At Talentsoft, we often talk about the importance of authentic leadership and the critical role that a business’s leaders play in modeling the actions and behaviors they want to see replicated across an organization. If business leaders can celebrate failure and shine a spotlight on the creative vulnerability, it becomes much easier to chip away at the fear and loathing of failure.
Founder and CEO of LeaderFactor, Timothy R. Clark calls this intellectual bravery. “As a leader, you set the tone, create the vibe, and define the prevailing norms… to establish a pattern of rewarded rather than punished vulnerability.” This plays an important role in psychological safety and also reinforces the power that leaders have in transforming their company’s culture and approach to innovation. Removing the stigma of failure is essential for achieving this.
Intellectual bravery is a willingness to disagree, dissent, or challenge the status quo in a setting of social risk in which you could be embarrassed, marginalized, or punished.
– Timothy R. Clark, Founder and CEO of LeaderFactor
3. Learning moments can create new opportunities for recognition
Many businesses today celebrate failure with the same excitement they celebrate success. These companies see failure as a synonym for fearlessness in the face of innovation.

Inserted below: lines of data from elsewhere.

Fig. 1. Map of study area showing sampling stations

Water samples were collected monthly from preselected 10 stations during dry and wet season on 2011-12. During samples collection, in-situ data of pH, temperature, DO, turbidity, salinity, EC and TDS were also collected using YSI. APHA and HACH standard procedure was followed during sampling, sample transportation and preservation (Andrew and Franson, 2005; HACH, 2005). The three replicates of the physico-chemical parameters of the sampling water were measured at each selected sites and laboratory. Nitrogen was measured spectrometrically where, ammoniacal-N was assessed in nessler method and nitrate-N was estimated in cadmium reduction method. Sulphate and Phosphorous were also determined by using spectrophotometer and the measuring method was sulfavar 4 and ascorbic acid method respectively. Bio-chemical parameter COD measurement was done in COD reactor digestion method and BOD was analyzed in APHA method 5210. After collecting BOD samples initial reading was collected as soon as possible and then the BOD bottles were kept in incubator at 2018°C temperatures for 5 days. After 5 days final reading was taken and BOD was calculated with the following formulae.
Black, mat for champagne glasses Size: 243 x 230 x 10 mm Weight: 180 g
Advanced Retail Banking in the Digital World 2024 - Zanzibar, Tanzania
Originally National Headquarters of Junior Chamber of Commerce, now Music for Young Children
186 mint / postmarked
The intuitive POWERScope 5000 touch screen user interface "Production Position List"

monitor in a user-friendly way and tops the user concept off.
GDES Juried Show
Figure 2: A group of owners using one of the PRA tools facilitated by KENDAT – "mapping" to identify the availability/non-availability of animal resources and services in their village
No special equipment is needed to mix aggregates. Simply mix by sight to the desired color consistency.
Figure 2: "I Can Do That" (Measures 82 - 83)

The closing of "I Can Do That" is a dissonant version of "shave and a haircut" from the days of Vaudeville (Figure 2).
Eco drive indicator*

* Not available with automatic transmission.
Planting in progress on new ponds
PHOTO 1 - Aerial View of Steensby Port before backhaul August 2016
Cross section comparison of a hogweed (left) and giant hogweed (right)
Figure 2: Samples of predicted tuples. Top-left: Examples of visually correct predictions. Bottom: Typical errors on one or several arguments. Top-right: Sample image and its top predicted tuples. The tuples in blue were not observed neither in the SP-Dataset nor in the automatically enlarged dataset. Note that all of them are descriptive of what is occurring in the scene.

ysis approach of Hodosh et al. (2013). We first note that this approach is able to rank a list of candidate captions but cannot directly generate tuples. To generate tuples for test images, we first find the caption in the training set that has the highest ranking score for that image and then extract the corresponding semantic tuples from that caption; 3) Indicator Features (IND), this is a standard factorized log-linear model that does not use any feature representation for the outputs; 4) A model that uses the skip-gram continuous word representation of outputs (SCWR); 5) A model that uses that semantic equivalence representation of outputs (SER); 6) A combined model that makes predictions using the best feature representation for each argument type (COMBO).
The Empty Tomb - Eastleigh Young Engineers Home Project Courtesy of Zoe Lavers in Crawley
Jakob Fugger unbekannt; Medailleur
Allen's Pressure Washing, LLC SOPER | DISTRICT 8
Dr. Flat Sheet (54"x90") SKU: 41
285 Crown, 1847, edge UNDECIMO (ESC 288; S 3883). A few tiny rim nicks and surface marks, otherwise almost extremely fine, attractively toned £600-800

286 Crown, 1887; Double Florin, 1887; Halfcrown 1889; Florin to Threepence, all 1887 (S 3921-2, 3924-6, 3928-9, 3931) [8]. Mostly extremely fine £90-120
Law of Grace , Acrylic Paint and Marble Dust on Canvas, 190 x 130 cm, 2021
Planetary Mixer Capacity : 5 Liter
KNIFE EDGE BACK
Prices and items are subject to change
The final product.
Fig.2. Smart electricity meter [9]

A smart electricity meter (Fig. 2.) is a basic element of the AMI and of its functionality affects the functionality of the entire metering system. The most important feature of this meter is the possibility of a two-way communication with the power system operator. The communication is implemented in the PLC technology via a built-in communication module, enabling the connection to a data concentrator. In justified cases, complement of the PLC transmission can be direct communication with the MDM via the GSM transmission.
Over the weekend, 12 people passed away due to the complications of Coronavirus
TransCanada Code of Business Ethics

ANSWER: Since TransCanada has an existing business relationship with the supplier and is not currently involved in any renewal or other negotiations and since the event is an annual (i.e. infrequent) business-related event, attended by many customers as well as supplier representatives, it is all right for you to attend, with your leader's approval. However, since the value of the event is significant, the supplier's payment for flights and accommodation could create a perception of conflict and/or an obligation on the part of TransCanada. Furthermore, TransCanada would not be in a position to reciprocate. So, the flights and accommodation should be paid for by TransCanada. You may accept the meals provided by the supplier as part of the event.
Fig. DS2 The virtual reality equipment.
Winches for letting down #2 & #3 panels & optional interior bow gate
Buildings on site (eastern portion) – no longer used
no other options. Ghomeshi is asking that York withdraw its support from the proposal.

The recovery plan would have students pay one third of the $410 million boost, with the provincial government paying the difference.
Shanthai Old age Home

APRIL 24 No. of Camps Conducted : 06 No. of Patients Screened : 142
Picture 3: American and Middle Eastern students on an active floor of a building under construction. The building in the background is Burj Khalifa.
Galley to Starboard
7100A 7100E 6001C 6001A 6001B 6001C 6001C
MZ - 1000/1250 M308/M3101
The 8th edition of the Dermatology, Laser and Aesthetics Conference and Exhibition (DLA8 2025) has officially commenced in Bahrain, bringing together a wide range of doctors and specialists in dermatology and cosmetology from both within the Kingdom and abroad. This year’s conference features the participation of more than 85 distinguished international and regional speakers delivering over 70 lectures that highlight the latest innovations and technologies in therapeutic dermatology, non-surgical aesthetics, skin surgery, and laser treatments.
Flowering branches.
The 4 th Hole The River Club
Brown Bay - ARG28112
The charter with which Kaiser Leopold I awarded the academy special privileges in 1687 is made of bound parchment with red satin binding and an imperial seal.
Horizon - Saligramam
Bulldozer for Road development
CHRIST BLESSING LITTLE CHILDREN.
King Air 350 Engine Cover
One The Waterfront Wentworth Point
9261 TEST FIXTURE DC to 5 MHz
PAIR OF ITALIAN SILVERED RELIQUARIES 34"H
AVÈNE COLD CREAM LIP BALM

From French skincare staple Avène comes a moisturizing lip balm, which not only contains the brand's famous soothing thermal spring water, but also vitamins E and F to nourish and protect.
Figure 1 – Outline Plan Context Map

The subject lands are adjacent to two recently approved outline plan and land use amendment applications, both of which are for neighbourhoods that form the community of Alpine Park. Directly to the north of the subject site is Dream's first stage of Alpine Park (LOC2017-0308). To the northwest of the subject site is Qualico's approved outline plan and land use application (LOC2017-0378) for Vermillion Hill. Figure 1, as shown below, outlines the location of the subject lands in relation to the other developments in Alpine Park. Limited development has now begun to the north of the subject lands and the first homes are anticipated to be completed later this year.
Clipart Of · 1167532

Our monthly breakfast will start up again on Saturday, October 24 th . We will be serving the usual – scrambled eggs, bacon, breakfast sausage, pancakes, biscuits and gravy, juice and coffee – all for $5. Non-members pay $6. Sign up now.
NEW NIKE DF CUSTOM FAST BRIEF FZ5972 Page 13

To truly celebrate all the good that can come from failure, organizations must first get rid of their deeply-rooted fears of it. Getting there requires taking the extra step to publicly acknowledge it as something to be celebrated and rewarded. After all, when an entire organization sees its leaders applaud failure—regardless of the outcome—it communicates a company-wide message that failure is not something to be afraid of. Rewarding and recognizing failure in this way can be powerful for putting innovation at the core of a business’s culture.
4. Learning moments can build a culture of learning and collaboration
Allowing employees and teams to be autonomous when it comes to innovation has a number of advantages. First, it makes “test and learn” thinking a fundamental part of a company’s culture. This is an important step in turning ‘smart failures’ into learning moments. Second, it can rally teams around shared goals and also boost collaboration in immeasurable ways.
Getting there, however, requires a different kind of mindset. Employees, teams, managers, leaders, and businesses, as a whole, must not only be prepared to fail but also be excited to learn from those missteps. Creating a culture of endless learning and collaboration is a key element to any organization that sees innovation as the best investment for long-term business success. We may not have all the answers today to solve tomorrow’s biggest problems. But by learning from our mistakes and working together to overcome them, we can get one step closer.
Learning from failure is the only path forward
Even though the word ‘failure’ carries years—ahem, centuries—of cultural baggage, it doesn’t mean that we can’t begin to see it in a new light. In fact, the businesses that make it a priority to acknowledge mistakes at work as new opportunities to teach valuable learning moments are those that will be well-positioned for a future of unstoppable innovation. Placing great value on the passion, determination, vulnerability, autonomy, and vision of your employees can go a long way. That is, if you’re willing to accept learning from failure as your business’s new status quo.